Install truststore and certifi modules with pip

[greatvovan]

Update

truststore is already bundled with pip starting v23.3 (thanks ichard26), which is higher than the described in the request.
It seems like only the documentation needs to be updates as it confusingly mentions version 22.2.

Certifi is also bundled with pip.

What's the problem this feature will solve?

In my company there is a practice of decrypting SSL traffic, which is achieved by means of installing company's CA certificate on user machines that serves as the new root for the decrypted traffic.

Pip documentation honestly says it does not use system's certificate store and uses the curated collection from certifi.

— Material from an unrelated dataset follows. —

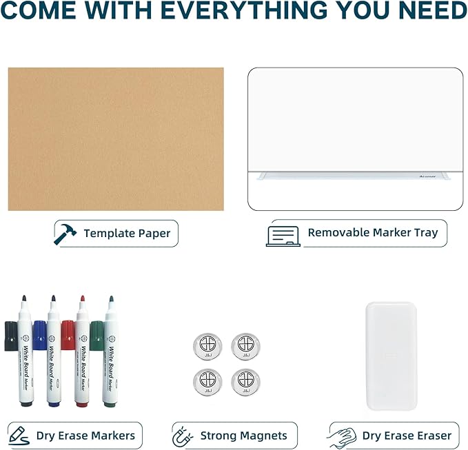 - 【ACCESSORIES INCLUDED】: The package includes 4 dry erase markers, 4 magnets, 1 glass whiteboard eraser and 1 removable aluminium marker tray for mounting. One-stop shopping. It's a great gift idea for your workmate, boss or spouse which can enhance the office/ house atmosphere
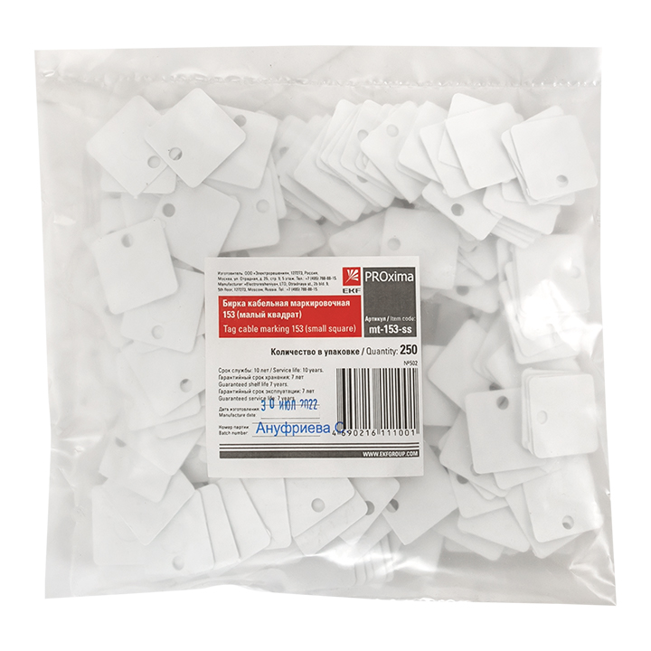 Бирки маркировочные EKF PROxima используются для маркировки кабельных линий, узлов и проводов, они придают информативность кабельной линии, что позволяет быстро идентифицировать кабель без использования тестового оборудования. Бирка У-134 (большой квадрат) и У-153 (малый квадрат) – для силовых кабелей напряжением до 1000 В. Бирка У-135 (круг) – для силовых кабелей напряжением свыше 1000 В. Бирка У-136 (треугольник) – для контрольных кабелей. Материал бирок – полипропилен с матовой поверхностью. Белый цвет и матовая поверхность позволяет наносить маркировку любым удобным способом, например, маркером или карандашом.

As advertised in the documentation, --use-feature=truststore is supposed to fix certificate validation problem when the proper root certificate is installed in the OS CA store. However, when tried in a fresh Python installation, the user gets the error:

# pip install --use-feature=truststore --upgrade pip
ERROR: To use the truststore feature, 'truststore' must be installed into pip's current environment.

"When to use" section of the documentation suggest the following use case for this feature:

You should try using system trust stores when there is a custom certificate chain configured for your system that pip isn’t aware of.

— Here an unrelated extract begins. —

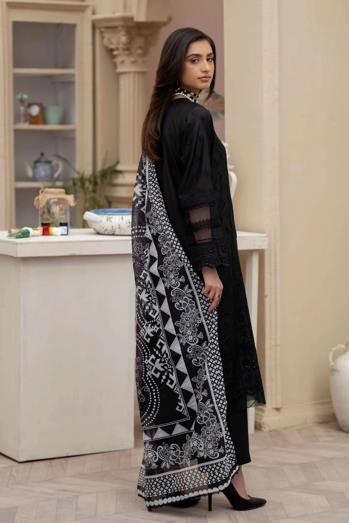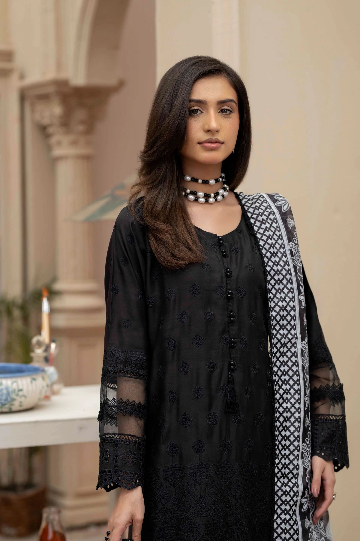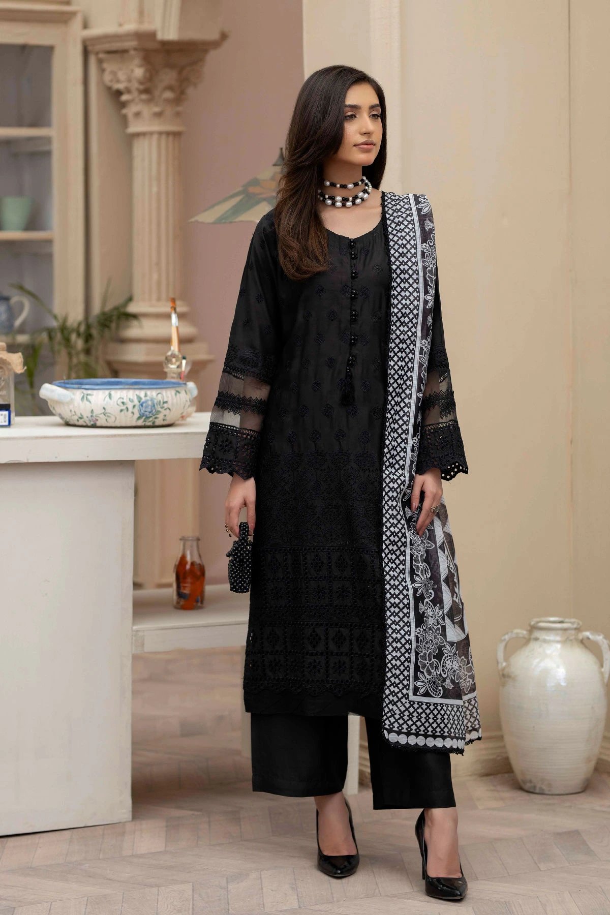 This beautiful 3 piece Sana Safinaz inspired viscose suit features a straight chikankari embroidered shirt with bead embellishment along the front. It comes with full length embroidered sleeves and straight plazo trousers. The look is finished with a luxury digital printed organza dupatta. Perfect mother and daughter collection for this Eid.

This is my case, and I have the company's root certificate in /etc/ssl/certs, but in order to use it, I need to install truststore package first. Thus, it becomes a chicken-and-egg problem, as in order to use the feature I need to install the module, and the installation process depends on the module itself.

Same applies to certifi: I need to add a certificate into its collection in order to fix certificate validation for Python clients, but before that I need to install the module itself, which is not possible due to SSL validation error.

It is a minor problem on the developer's local machine, but becomes a bigger problem with Docker as this quest has to be passed in every new image.

Describe the solution you'd like

truststore and certifi are added by default (maybe as dependencies of pip), granted they play a special role in the Python ecosystem.

Alternative Solutions

Workarounds are clumsy and barely sustainable. In particular, I'd like the same image be built successfully on my machine and in the CI pipeline, which run in different environments, and minimize the code required to support both use cases. Now I need to run pip with --cert parameter first before I can do further manipulations with pip and certifi.

Additional context

https://pip.pypa.io/en/stable/topics/https-certificates/

Code of Conduct

• I agree to follow the PSF Code of Conduct.

[ichard26]

Truststore has been vendored into pip since September of last year: 9ee4b8c. Since pip 23.3, you shouldn't need to install truststore in your environment to use the feature. What version of pip are you using in your company?

[greatvovan]

Thanks @ichard26, I just started to dig deeper and realized that it works in older Python images but not in mine.

We are using Python 3.10 (latest) images that come with pip 23.0.1, which is probably why I am experiencing these hurdles. The documentation, however, says:

New in version 22.2: Experimental support, behind --use-feature=truststore.

So I was completely sure it must be present in my version. Is it a mistake in the documentation?

[ichard26]

The documentation is a bit confusing, indeed. While the truststore feature was added in 22.2, truststore was only vendored (i.e. added to the pip codebase so the end user doesn't need to install it) in 23.3. It's probably worth adding a note to the documentation clarifying that.